Supplied records ->
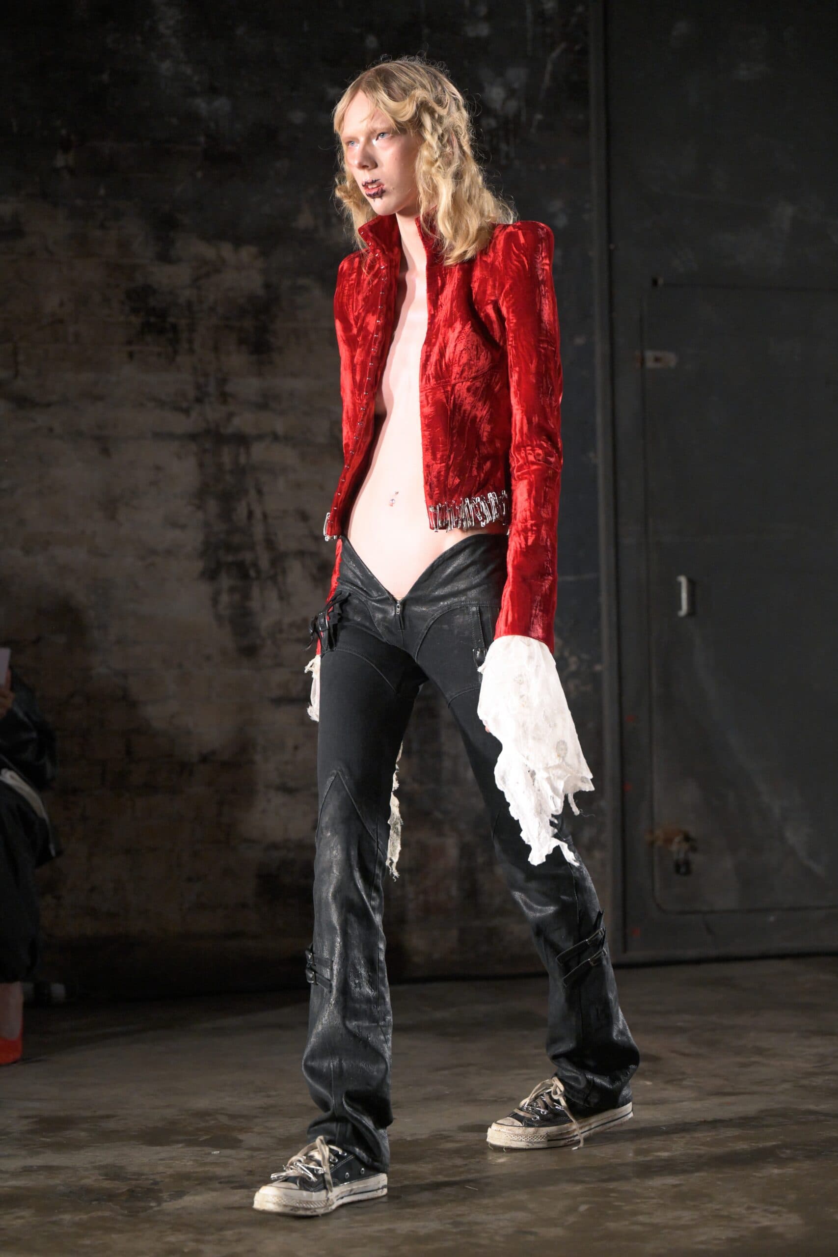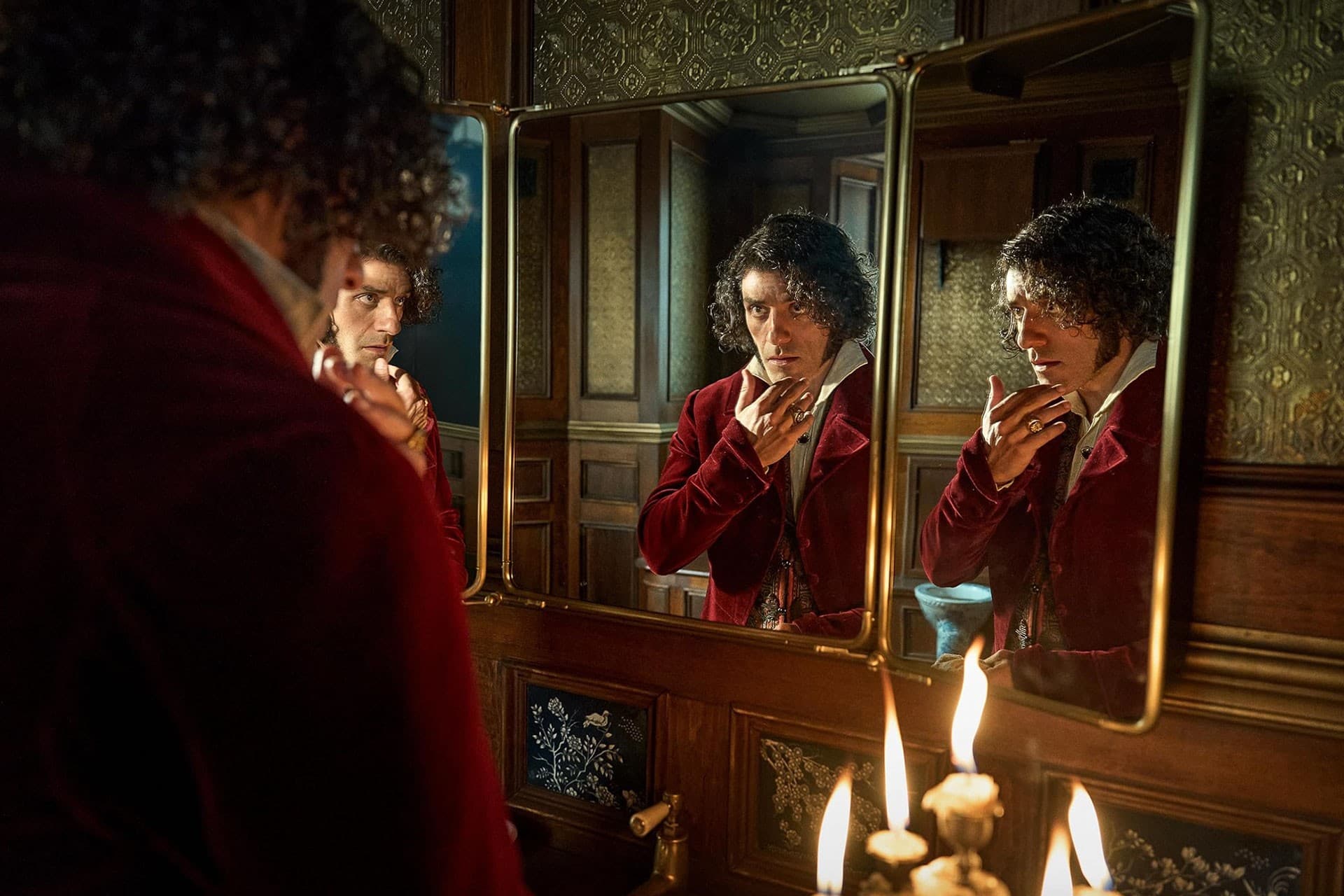 NetflixAt Dilara Findikoglu’s Fall/Winter 2025 show earlier this year, a model emerged in a crimson crushed velvet jacket with lace sleeves poking out of the cuffs, just like Victor’s deep red velvet jacket in the film. Elsewhere at Ann Demeulemeester, hastily layered cotton blouses feature heavily throughout Stefano Gallici’s Fall/Winter 2025 collection for the house, evoking the same bohemian energy that Victor embodies in his cotton shirt as he works in his lab.
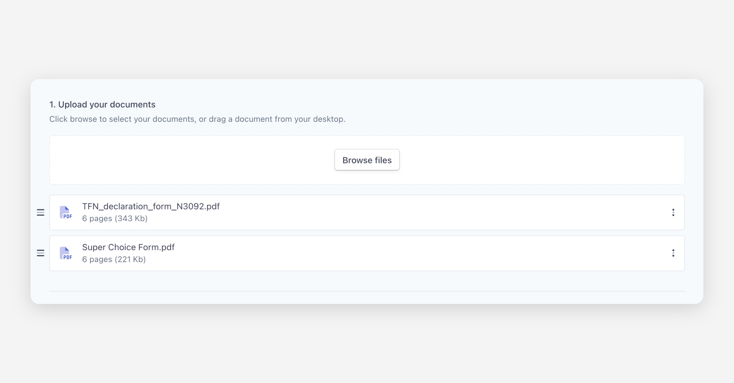 Click Browse files or drag and drop documents from your desktop. Annature supports PDF & DOCX files.
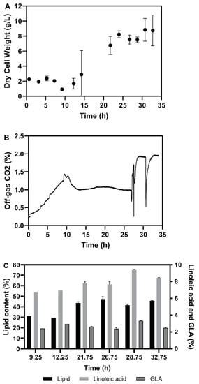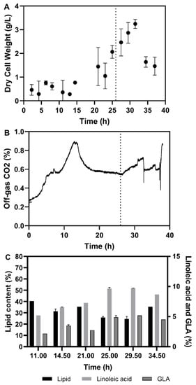 (A) Dry cell weight, (B) off-gas CO2 profile, and (C) total lipid content (%wt of dry cell weight), linoleic acid, and GLA (%wt of total lipid weight) obtained during fed-batch cultivation of M. circinelloides in fermenter using animal fat rest materials. The dotted vertical line indicates the beginning of feed phase.
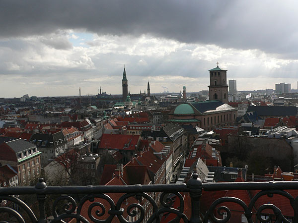 Diese Tour führt so quasi um den Innenstadtkern herum und endet an einem Rundturm an der Trinitatis Kirke. Kostet 30DKR Eintritt, führt aber innen auf einem gepflasterten Pfad in siebeneinhalb Rundungen ohne Treppenstufen über die Dächer von Kopenhagen. Nur ein paar Stufen braucht es auf das Dach.
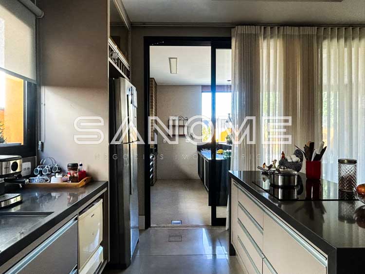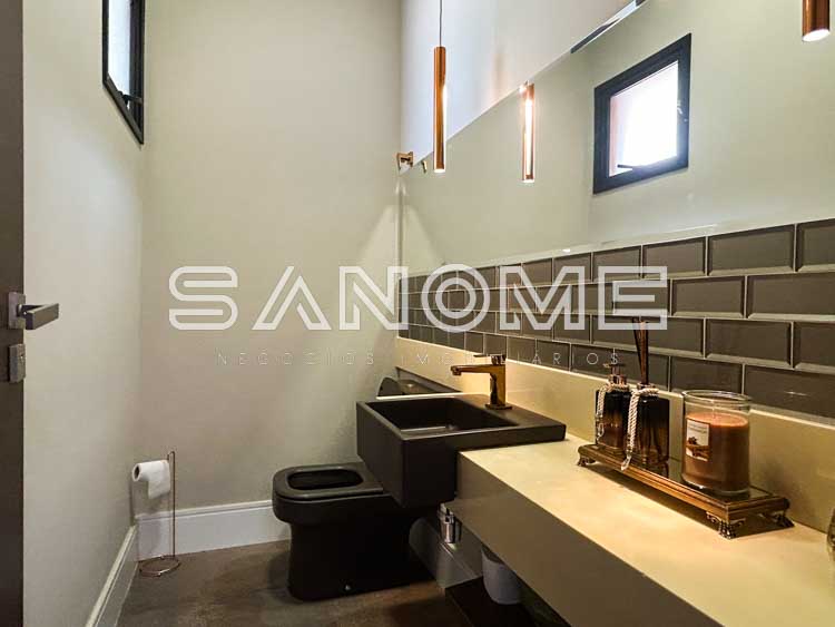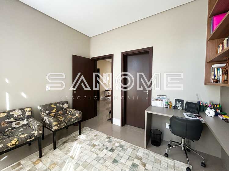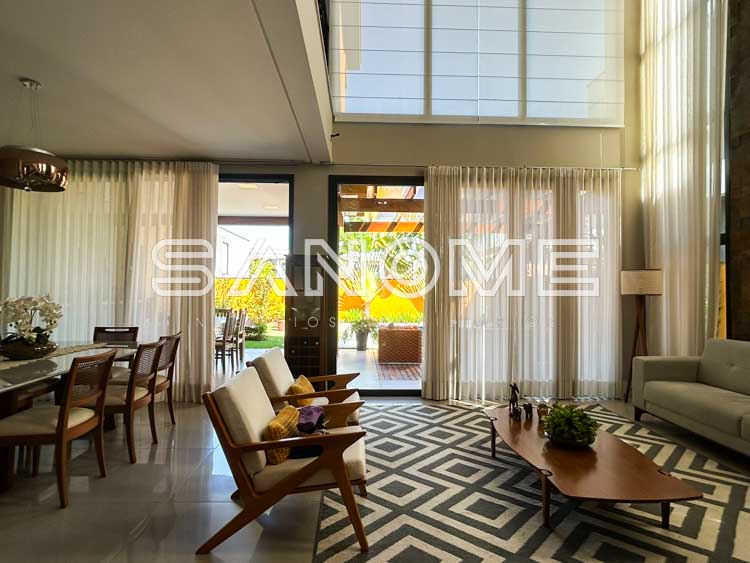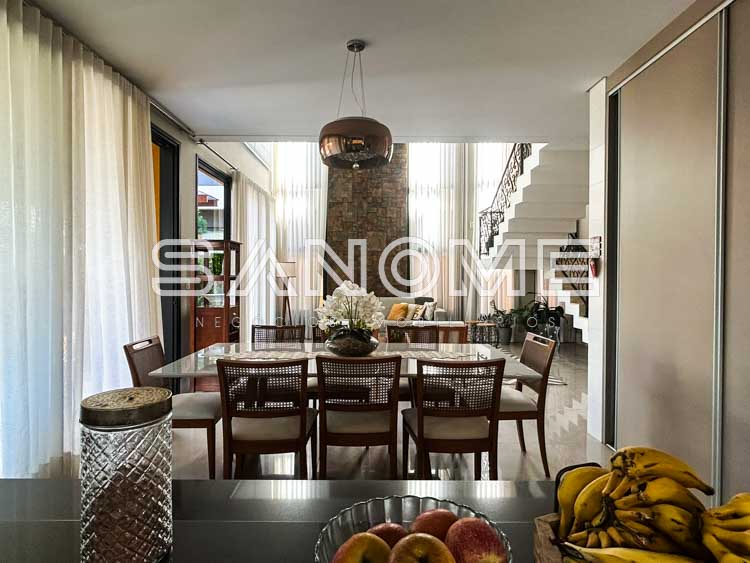 Piso térreo: Hall de entrada, Escritório/Suíte, Lavabo, Sala de estar com pé direito duplo, Sala de jantar, Cozinha integrada completa, Área de serviço, Varanda externa, Área gourmet completa, Banheiro de lazer externo e Piscina.
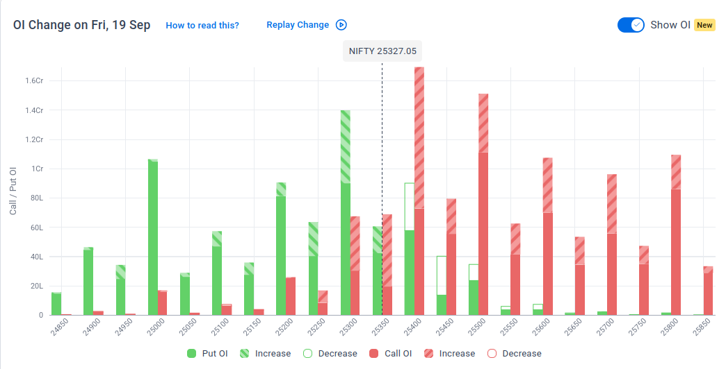 The maximum Put Open Interest (OI) is observed at 25,300, followed by 25,000, suggesting strong support at 25,300 to 25,200 levels.

Activity -> With the pictures omitted, give every line above again exactly.

Exercise output ->
 NetflixAt Dilara Findikoglu’s Fall/Winter 2025 show earlier this year, a model emerged in a crimson crushed velvet jacket with lace sleeves poking out of the cuffs, just like Victor’s deep red velvet jacket in the film. Elsewhere at Ann Demeulemeester, hastily layered cotton blouses feature heavily throughout Stefano Gallici’s Fall/Winter 2025 collection for the house, evoking the same bohemian energy that Victor embodies in his cotton shirt as he works in his lab.
 Click Browse files or drag and drop documents from your desktop. Annature supports PDF & DOCX files.
 (A) Dry cell weight, (B) off-gas CO2 profile, and (C) total lipid content (%wt of dry cell weight), linoleic acid, and GLA (%wt of total lipid weight) obtained during fed-batch cultivation of M. circinelloides in fermenter using animal fat rest materials. The dotted vertical line indicates the beginning of feed phase.
 Diese Tour führt so quasi um den Innenstadtkern herum und endet an einem Rundturm an der Trinitatis Kirke. Kostet 30DKR Eintritt, führt aber innen auf einem gepflasterten Pfad in siebeneinhalb Rundungen ohne Treppenstufen über die Dächer von Kopenhagen. Nur ein paar Stufen braucht es auf das Dach.
 Piso térreo: Hall de entrada, Escritório/Suíte, Lavabo, Sala de estar com pé direito duplo, Sala de jantar, Cozinha integrada completa, Área de serviço, Varanda externa, Área gourmet completa, Banheiro de lazer externo e Piscina.
 The maximum Put Open Interest (OI) is observed at 25,300, followed by 25,000, suggesting strong support at 25,300 to 25,200 levels.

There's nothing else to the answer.